Of course the must-read is the original paper. But the GAN idea has also been discussed in statistical inference context, which has been largely ignored and I think it shouldn't happen. A closely related idea is Noise Contrastive Estimation (NCE), and Ian Goodfellow also discussed the link and difference between both.

GAN is notoriously hard to train. Two experimental papers from Facebook & NYU (i.e. LAPGAN & DCGAN) are must-read for practitioners. I haven't read the recent proposal from OpenAI in detail though. But you should definitely try to train a GAN yourself to get a feeling about how to tune it -- I did so. I'll say this difficulty is one of the main reason that bias me towards VAEs, even when GANs have superior performance in image domain, but see this interesting paper that tries to combine the advantages from both side. Alternatively, the maximum mean discrepancy (MMD) and kernel two sample test have been considered, e.g. see this and this paper.
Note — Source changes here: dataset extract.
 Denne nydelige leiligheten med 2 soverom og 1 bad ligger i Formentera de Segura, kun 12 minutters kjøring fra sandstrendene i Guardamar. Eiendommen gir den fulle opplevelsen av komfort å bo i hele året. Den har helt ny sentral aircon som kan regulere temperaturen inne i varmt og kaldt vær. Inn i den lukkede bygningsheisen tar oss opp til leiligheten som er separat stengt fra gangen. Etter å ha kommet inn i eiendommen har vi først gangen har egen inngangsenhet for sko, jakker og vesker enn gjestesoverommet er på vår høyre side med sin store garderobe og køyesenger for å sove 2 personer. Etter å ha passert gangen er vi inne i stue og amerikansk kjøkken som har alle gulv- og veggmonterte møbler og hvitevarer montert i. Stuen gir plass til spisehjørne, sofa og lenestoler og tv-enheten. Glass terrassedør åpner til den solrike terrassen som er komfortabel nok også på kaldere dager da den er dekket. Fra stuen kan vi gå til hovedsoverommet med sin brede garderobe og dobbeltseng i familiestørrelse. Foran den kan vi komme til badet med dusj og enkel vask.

Some other interesting papers include adversarial auto-encoders (well this one is actually much easier to train), a DRAW-like version of GAN, and the one that includes some contextual information into the modeling process. I also like this paper that extend the GAN framework to f-divergence via duality. Using GAN principles to learn an inference network (and also the same idea here) seems promising, but my experience of playing them seems to suggest that this approach can be even more unstable than the original framework.

 

Generative models with invertible transformations

If you don't like approximate inference and want something exact, here's the part for you. I remember seeing this type of methods first from the NICE paper (nice name). The improved version is also on arxiv.
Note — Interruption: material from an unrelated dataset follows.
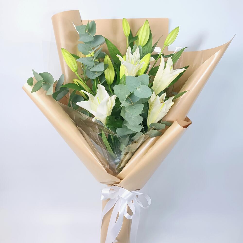 Clean, elegant, and beautifully fragrant—this stunning Mono bouquet is crafted with fresh white lilies (open blooms and buds) paired with airy eucalyptus greenery for a modern, minimalist look. Wrapped in premium beige paper and finished with a classic ribbon, it’s a sophisticated Fresh flowers bouquet (Fresh bouquet) made with premium quality and premium quality flowers—perfect when you want something timeless and graceful. A lovely choice as Birthday flowers and Flowers for birthday, it also works beautifully as a Congratulations bouquet with elegant Congratulations flowers for new beginnings and milestones. With its calm, classy style, it’s a cool bouquet and a truly unique flowers bouquet—ideal for customers searching for the best bouquet in dubai, and a wonderful option for best flowers for anniversary as well.
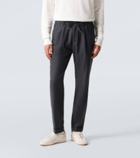 At the heart of Herno’s philosophy lies a commitment to functionality, innovation, and precision. Designed for in-office and off-duty wear, these gabardine straight pants feature an elasticated drawstring waist, side slits, and back pockets. Product Details - Material: 43% wool, 28% viscose, 27% polyester, 2% elastane - Care instructions: dry clean - Made in Italy - Designer color name: Ferro - Item color: gray - Lining: 100% cotton - Closure: zipper fly, button fastening - Pockets: side slit pockets, back pockets - Elasticated drawstring waist - Item number: P01070028 Size & Fit - True to size - Elasticated waist - Adjustable at the waist - Non-stretchy fabric - Straight leg - The model in the picture is 185cm-6'1" and wearing a size L

From my perspective the most interesting work in this regime is the combination of VAE and invertible transformations. I know this idea has been roughly around for 2-3 years (e.g. see this paper) but this ICML paper formalized it with lots of discussions. This year's NIPS has two interesting follow-up papers: one uses autoregressive functions and another tries to skip the randomness of transformations. Should consider blog posts for these papers later.

 

Deep Boltzmann machines & deep belief networks

These models are less considered in recent days, but I still love the beautiful derivations, and I think everyone who want to work on generative models should get to know these type of models. No need to introduce the seminal 2006 paper that took neural networks back to the stage. No need either to mention then people tried different variations of RBMs/deep belief networks for image/speech recognition. But then after the introduction of deep Boltzmann machines, people found that these models are very hard to train with contrastive divergence like algorithms. Pre-training as a DBN then switch to DBM training sort of worked and this paper provided quite a nice interpretation on that, but then in the fine-tuning step we still have this training difficulty problem. There's another pre-training technique that approximately performs variational inference, but you need to be careful about the rescaling part. The doubly intractable problem has scared lots of practitioners away from continue investigating DBMs.
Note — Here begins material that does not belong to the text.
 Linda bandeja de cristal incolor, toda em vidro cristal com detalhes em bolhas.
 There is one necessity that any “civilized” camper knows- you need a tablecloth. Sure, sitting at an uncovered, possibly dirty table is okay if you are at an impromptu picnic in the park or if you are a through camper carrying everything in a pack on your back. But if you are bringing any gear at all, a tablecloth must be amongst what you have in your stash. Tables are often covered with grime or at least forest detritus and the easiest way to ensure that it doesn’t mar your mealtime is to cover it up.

On deep sigmoid belief network side, these two years Lawrence Carin's group has produced quite a few papers related to it. I haven't read them in detail though.

 

Other attempts

Although not very experimentally appealing, I found this diffusion process paper from Surya Ganguli's group an interesting read.

As Bayesian people have made Gaussian processes deep, there you go an attempt on using deep GP to generate images from Neil Lawrence's group. It uses VAE idea to derive inference steps.

David Blei and his students love conjugate models and SVI, so it's no surprising that they've come up with the deep version of exponential families.

If you like the Gibbs sampling procedure of RBMs for data generation, here's another direction to go deeper other than DBMs.

I found this paper's approach a bit strange but those who interested in wake-sleep should get to know it.

Auto-regressive models are also an important type of generative models. For neural network assisted version, must read NADE (and subsequence papers). This year's ICML best paper (pixel RNN) also belongs to this class.

Finally this note on how to evaluate the performance of generative models deserves a detailed read.